* _TASK PROMPT_
Only these lines of the data below are wanted: the one with "This sporty volleyball", the one with "The John Guest", and any lines between them, each repeated exactly.

* _DATA TO USE_
+-------+

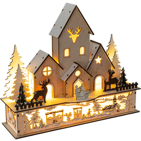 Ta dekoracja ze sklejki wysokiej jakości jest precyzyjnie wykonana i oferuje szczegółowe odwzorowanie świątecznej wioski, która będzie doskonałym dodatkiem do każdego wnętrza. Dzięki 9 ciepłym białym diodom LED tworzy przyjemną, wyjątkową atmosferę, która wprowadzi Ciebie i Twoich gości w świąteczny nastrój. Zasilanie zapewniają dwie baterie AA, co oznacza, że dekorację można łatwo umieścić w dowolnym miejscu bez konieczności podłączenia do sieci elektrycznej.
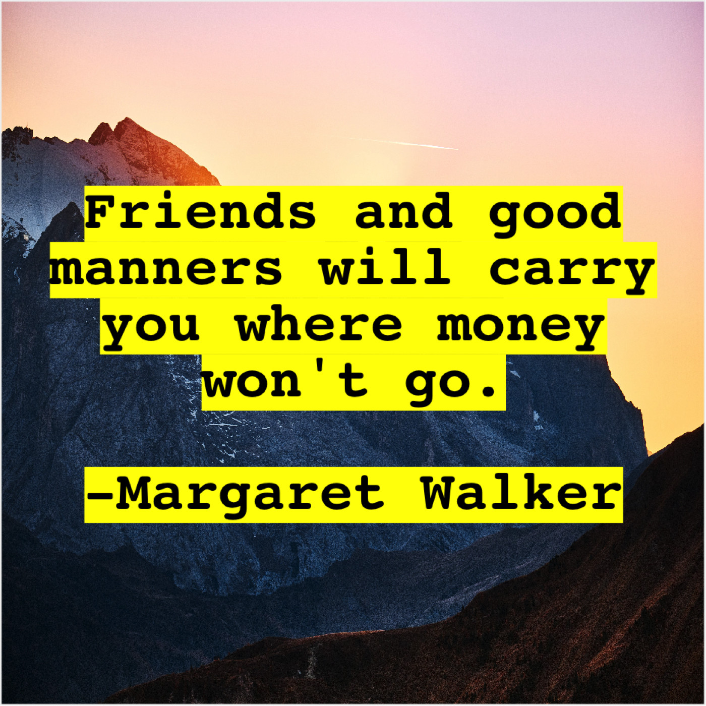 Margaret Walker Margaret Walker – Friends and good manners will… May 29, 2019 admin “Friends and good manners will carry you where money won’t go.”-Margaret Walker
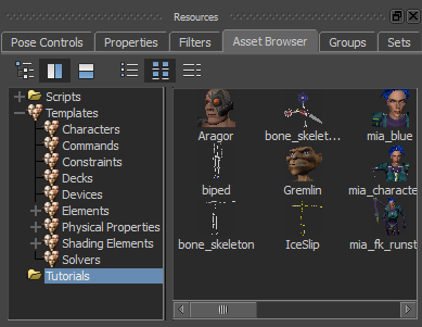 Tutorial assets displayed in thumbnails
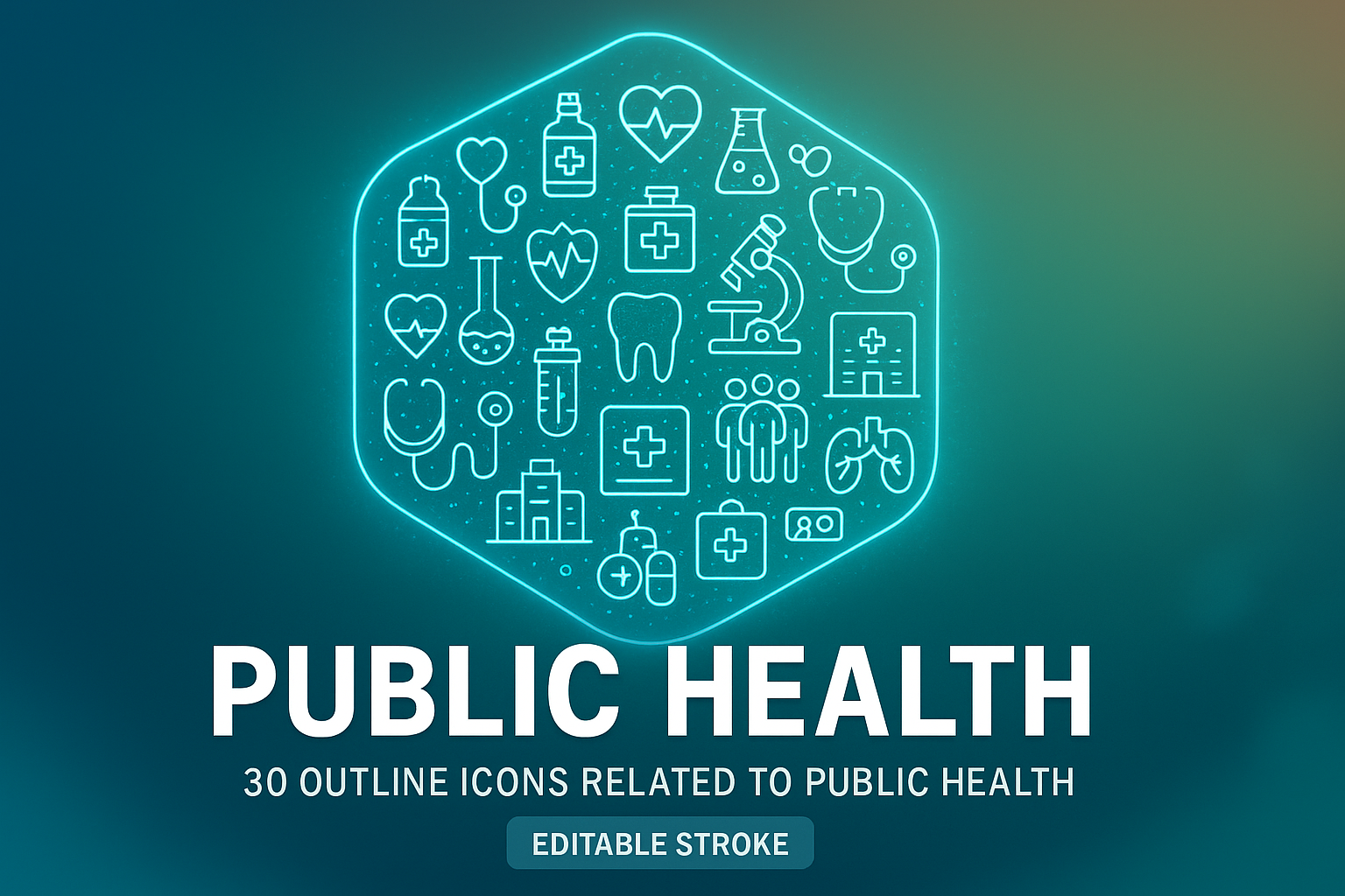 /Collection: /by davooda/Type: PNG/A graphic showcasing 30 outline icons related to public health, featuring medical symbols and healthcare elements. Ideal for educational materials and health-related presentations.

+-------+

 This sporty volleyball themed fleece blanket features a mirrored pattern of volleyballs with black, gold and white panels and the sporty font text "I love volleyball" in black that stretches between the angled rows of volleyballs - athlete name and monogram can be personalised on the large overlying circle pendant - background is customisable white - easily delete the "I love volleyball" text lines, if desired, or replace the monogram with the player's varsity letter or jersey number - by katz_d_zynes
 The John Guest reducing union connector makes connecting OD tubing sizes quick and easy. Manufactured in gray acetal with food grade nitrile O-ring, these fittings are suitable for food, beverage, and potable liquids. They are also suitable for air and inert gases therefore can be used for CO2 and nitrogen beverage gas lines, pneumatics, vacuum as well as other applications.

+-------+

* _TASK ANSWER_
 This sporty volleyball themed fleece blanket features a mirrored pattern of volleyballs with black, gold and white panels and the sporty font text "I love volleyball" in black that stretches between the angled rows of volleyballs - athlete name and monogram can be personalised on the large overlying circle pendant - background is customisable white - easily delete the "I love volleyball" text lines, if desired, or replace the monogram with the player's varsity letter or jersey number - by katz_d_zynes
 The John Guest reducing union connector makes connecting OD tubing sizes quick and easy. Manufactured in gray acetal with food grade nitrile O-ring, these fittings are suitable for food, beverage, and potable liquids. They are also suitable for air and inert gases therefore can be used for CO2 and nitrogen beverage gas lines, pneumatics, vacuum as well as other applications.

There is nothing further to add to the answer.